Introduction to the Idea
We know that the generator trained by a GAN is a direct deterministic transformation \boldsymbol{g}_{\boldsymbol{\theta}}(\boldsymbol{z}) from noise \boldsymbol{z} to a real sample. In contrast, the prominent feature of diffusion models is "progressive generation," where the generation process corresponds to sampling from a series of gradually changing distributions p_0(\boldsymbol{x}_0), p_1(\boldsymbol{x}_1), \dots, p_T(\boldsymbol{x}_T) (Note: In the previous dozen articles, \boldsymbol{x}_T was noise and \boldsymbol{x}_0 was the target sample, with the sampling process being \boldsymbol{x}_T \to \boldsymbol{x}_0. For the convenience of the following description, we reverse this to \boldsymbol{x}_0 \to \boldsymbol{x}_T). At first glance, there seem to be few similarities. How can we connect the two?
Clearly, if we want to understand GANs from the perspective of diffusion models, we must find a way to construct a series of gradually changing distributions. The generator \boldsymbol{g}_{\boldsymbol{\theta}}(\boldsymbol{z}) itself is a one-step transformation without gradual change.

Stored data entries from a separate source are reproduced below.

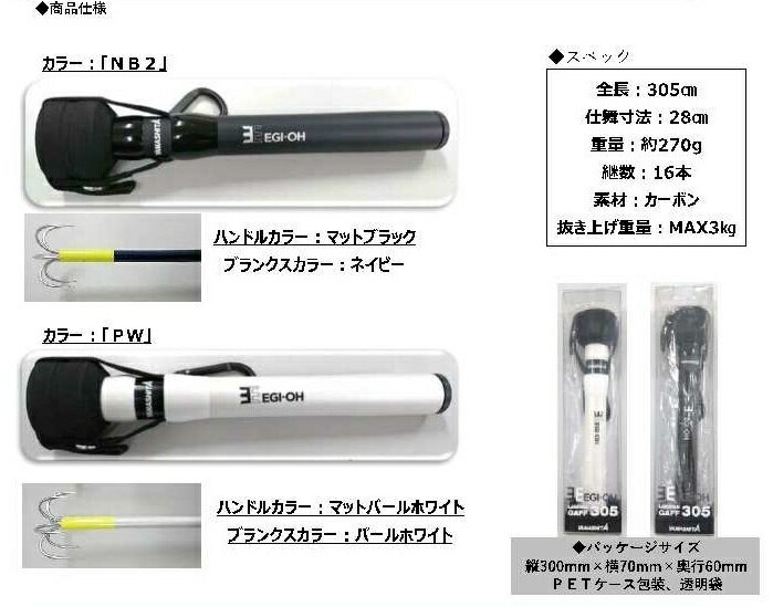 ヤマシタ エギ王 ランディングギャフ 305 NB2 (マットブラック/ネイビー)/PW (マットパールホワイト/パールホワイト)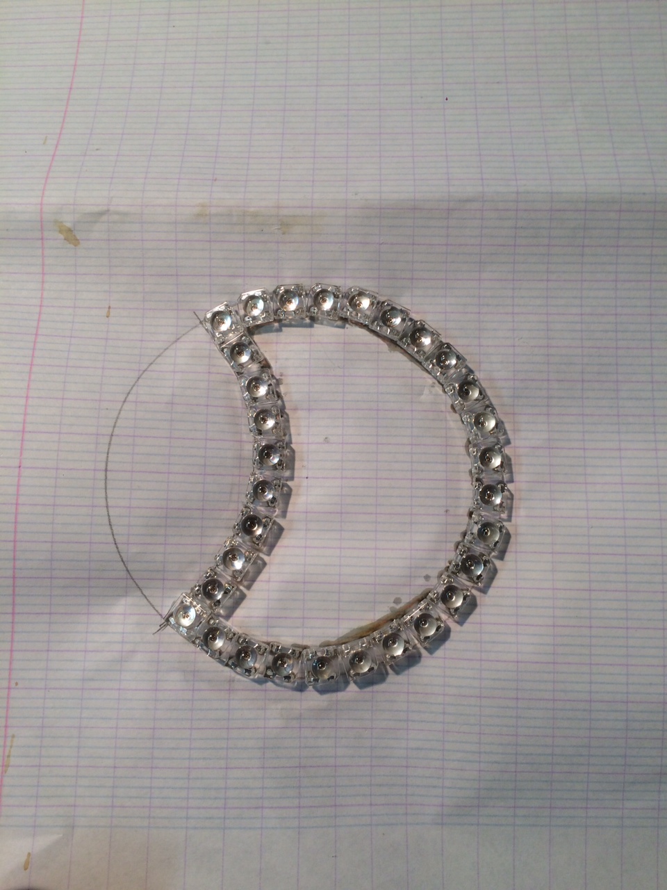 J'ai utilisé un ESC (initialement dedié pour la pompe fumigene sur le montage de Gaetan). Chaque "anneau" a ses LED en parrallele. Et ensuite mis en serie avec le deuxieme anneau. Il faudrait tout de meme que je rajoute une resistance. A terme je pense que les LED vont fumer.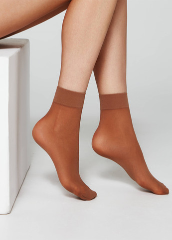 Прозрачные и тонкие носки для женщин. Они имеют среднюю высоту. Изготовлены из шелковистого и матового полиамида плотностью 20 den. Деликатные носки практически не ощутимы на ноге. Для еще большей практичности они имеют усиленный мысок и широкую, комфортную резинку, которая не передавливает ногу.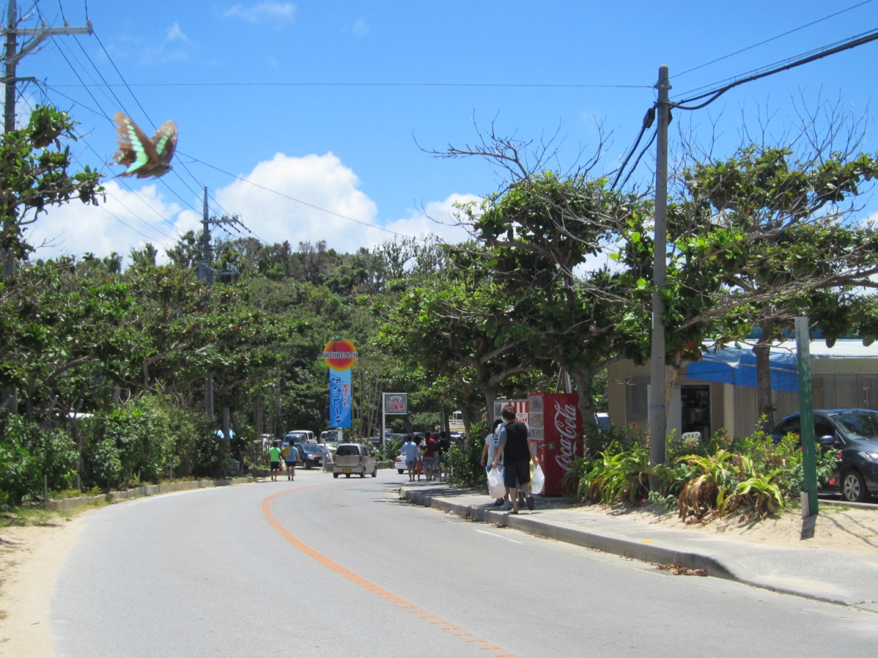 道路を挟んで左側がビーチ入口、右側にレストハウスと駐車場がありました。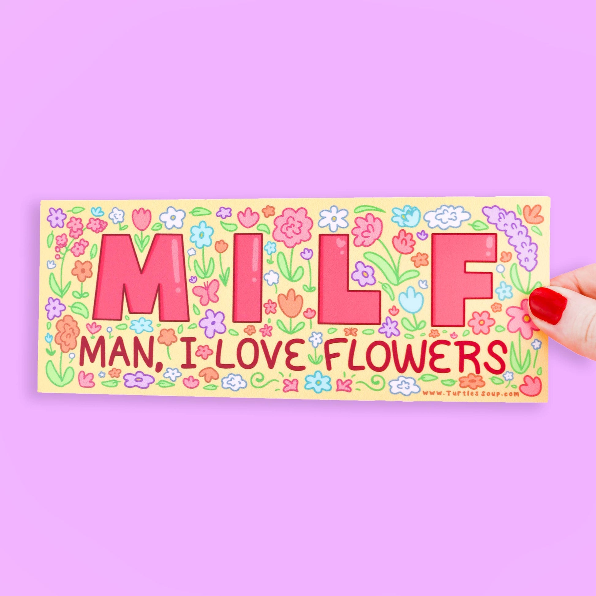 'Man I Love Flowers' vinyl bumper sticker by Turtle's Soup. 🐢 Deck out your daily driver with our new line of fun bumper stickers! Each one is sized at approximately 3 inches by 8 inches and makes a perfect addition to your vehicle. 🐢 Our Turtley Awesome vinyl stickers are made from the highest quality ingredients on the market! Printed on thick, ultra-durable vinyl, these stickers are made to last. They're UV-coated making them waterproof, weatherproof, and dishwasher safe! 🐢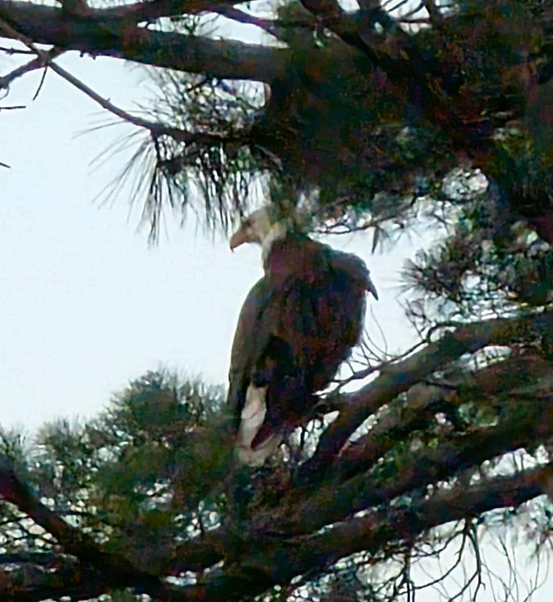 We had an eagle in the yard today. He sat contently in the tree until a loud vehicle went by. |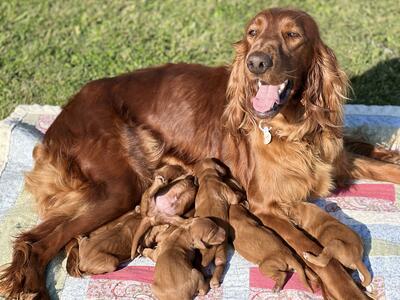 AKC Irish Setters Born May 30, 2025 Available July 25, 2025 5 males 4 females Parents are ...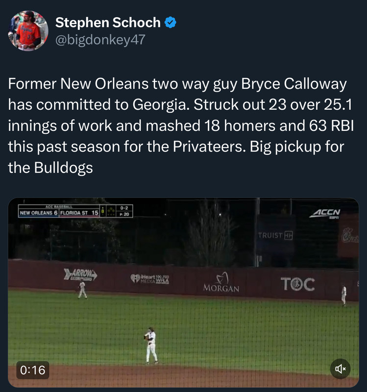 Going to Georgia. LSU probably didn't want to spend the money it would take to get him for a high K rate guy in the Southland conference. Especially getting Serna to campus there really wasn't a point to take him.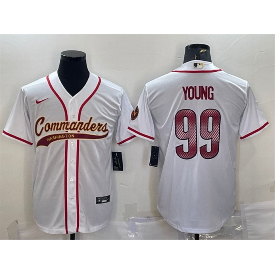 Home>NFL>Washington Commanders>Men>Men Washington Commanders 99 Chase Young White With Patch Cool Base Stitched Baseball Jersey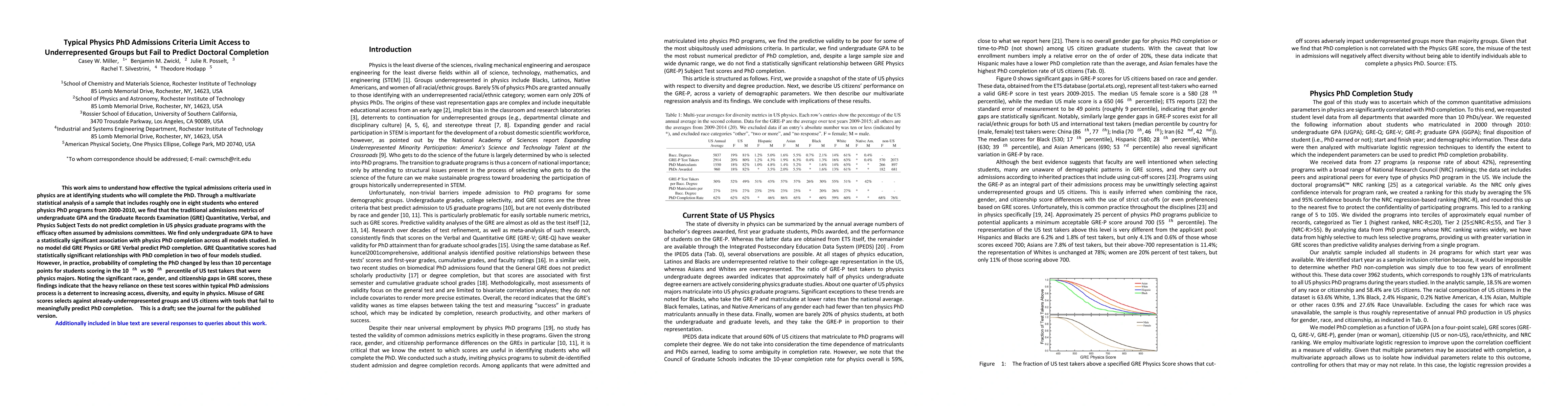 This study reveals that traditional physics PhD admissions criteria, including GRE scores and undergraduate GPA, poorly predict doctoral completion. Only undergraduate GPA showed a statistically significant relationship with PhD completion, while GRE scores had minimal predictive power, highlighting the inefficacy and inequity of current admissions practices in diversifying the physics PhD population.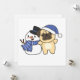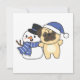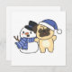 Gå med snögubbe på vintern för jul - snögubbe för vinter och jul. En vinter hälsning under kallet för helgdagarna. Julpug med snögubbe.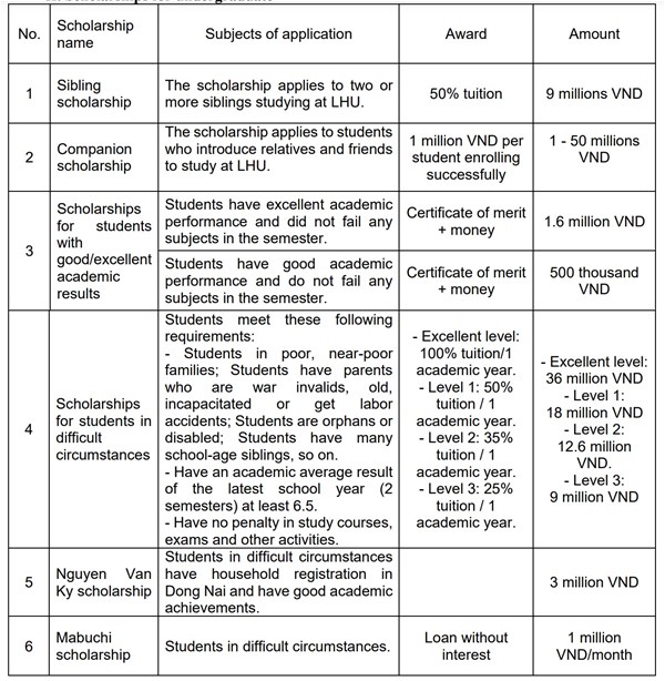 Scholarship policies of LHU for students majoring in pharmacy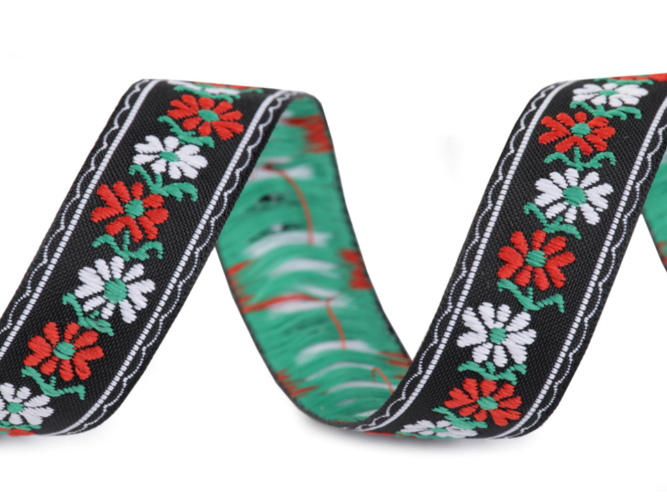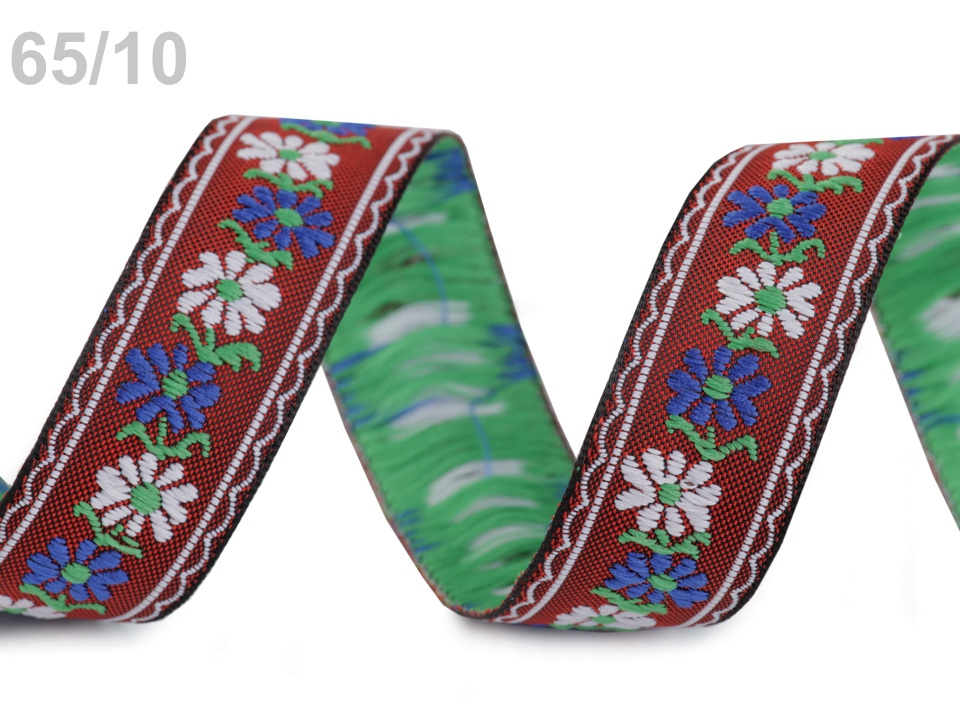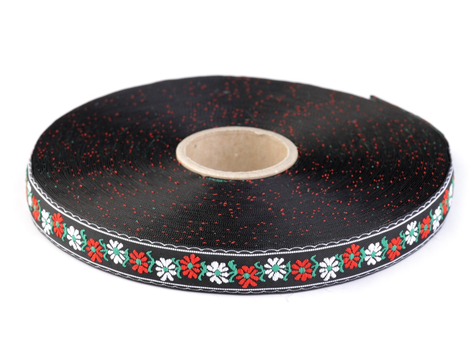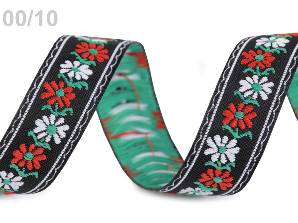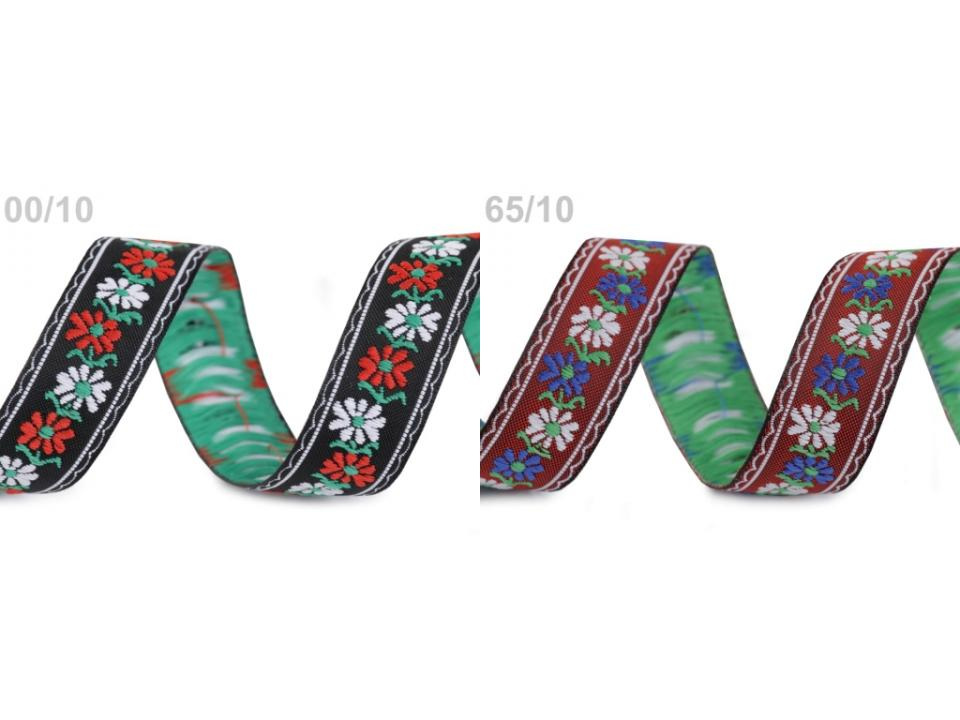 Krojová vzorovka s typickým květovaným vzorem je tkaná na jehlových stavech.

However, we know that the optimization of the model is gradual. Can we use the historical trajectory of the parameters \boldsymbol{\theta}_t to construct this series of gradual distributions? Specifically, assume the generator is initialized with \boldsymbol{\theta}_0, and after T steps of adversarial training, we obtain the optimal parameters \boldsymbol{\theta}_T. The intermediate parameters during training are \boldsymbol{\theta}_1, \boldsymbol{\theta}_2, \dots, \boldsymbol{\theta}_{T-1}. If we define \boldsymbol{x}_t = \boldsymbol{g}_{\boldsymbol{\theta}_t}(\boldsymbol{z}), haven’t we defined a series of gradually changing \boldsymbol{x}_0, \boldsymbol{x}_1, \dots, \boldsymbol{x}_T, and thus defined the gradual distributions p_0(\boldsymbol{x}_0), p_1(\boldsymbol{x}_1), \dots, p_T(\boldsymbol{x}_T)?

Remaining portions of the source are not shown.